Disepanjang jalur yang dipenuhi spanduk atau baliho Bank Sumsel Babel, warga tak hanya menonton. Sebagian mengangkat telepon seluler untuk merekam peserta yang melintas, sementara anak-anak mengikuti arak-arakan dengan penuh antusias.

Ribuan peserta dari berbagai jenjang pendidikan, mulai PAUD dan TK hingga SMA/MA/SMK, ikut memeriahkan karnaval. Perwakilan kecamatan, perangkat daerah, serta paguyuban dari berbagai daerah di Nusantara juga hadir membawa identitas budaya masing-masing.

Kostum menjadi salah satu daya tarik utama. Pakaian adat dan ornamen khas daerah dipadukan dengan tarian, musik, serta pertunjukan teatrikal. Budaya Jawa, Minangkabau, Sunda, Sumatera Utara, Bali, Madura, Banten, dan Lombok tampil bergantian dihadapan warga.

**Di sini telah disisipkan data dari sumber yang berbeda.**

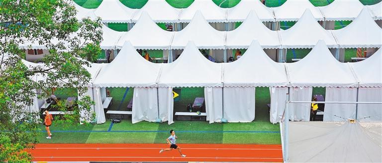 作为一座2008年建成投用的老场馆,成都双流体育中心在改造升级过程中,采用临建的方式,在比赛场外侧的田径训练场布置了79顶白色帐篷,用于运动员的休息、热身。
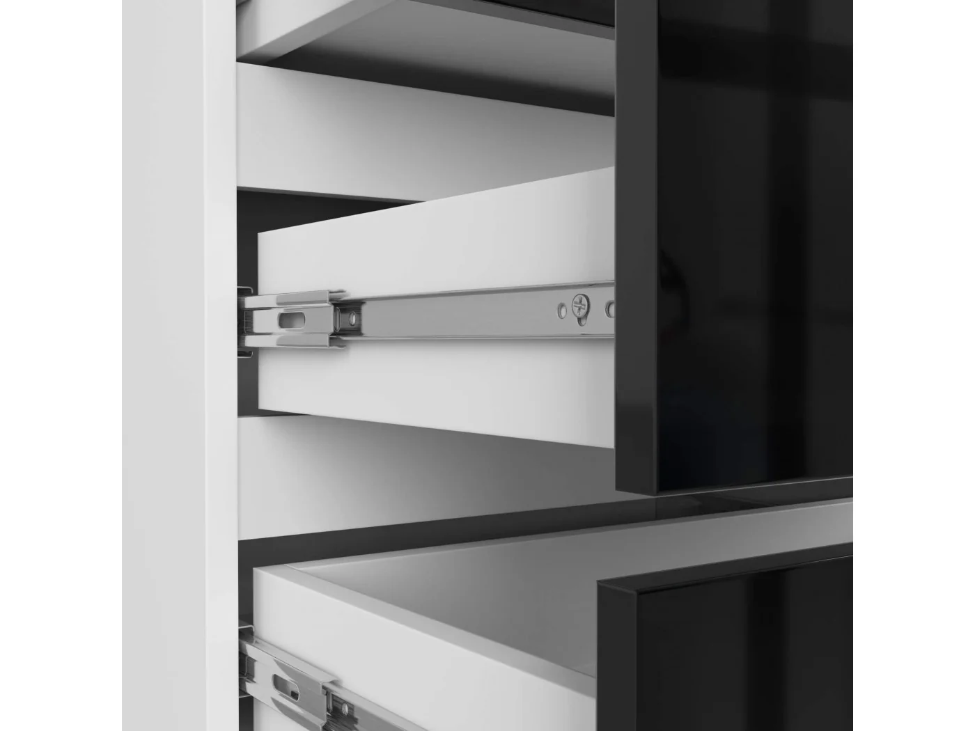 - Szuflady poruszają się na metalowych prowadnicach kulkowych

Bupati OKI Muchendi Mahzareki mengatakan, keberagaman yang tampil dalam karnaval tersebut merupakan gambaran kehidupan masyarakat OKI.

“Karnaval ini menunjukkan bahwa keberagaman adalah kekuatan kita. OKI merupakan rumah bagi berbagai suku, etnis, dan agama. Melalui kegiatan seperti ini, kita ingin terus merawat persatuan dan kebersamaan,” kata Muchendi, Selasa (18/8/2026).

Karnaval juga membawa dampak lain di luar panggung budaya. Kerumunan warga menjadi peluang bagi pelaku usaha mikro, kecil, dan menengah (UMKM) untuk menawarkan produk mereka dengan kemudahan bertransaksi menggunakan QRIS BSB Mobile.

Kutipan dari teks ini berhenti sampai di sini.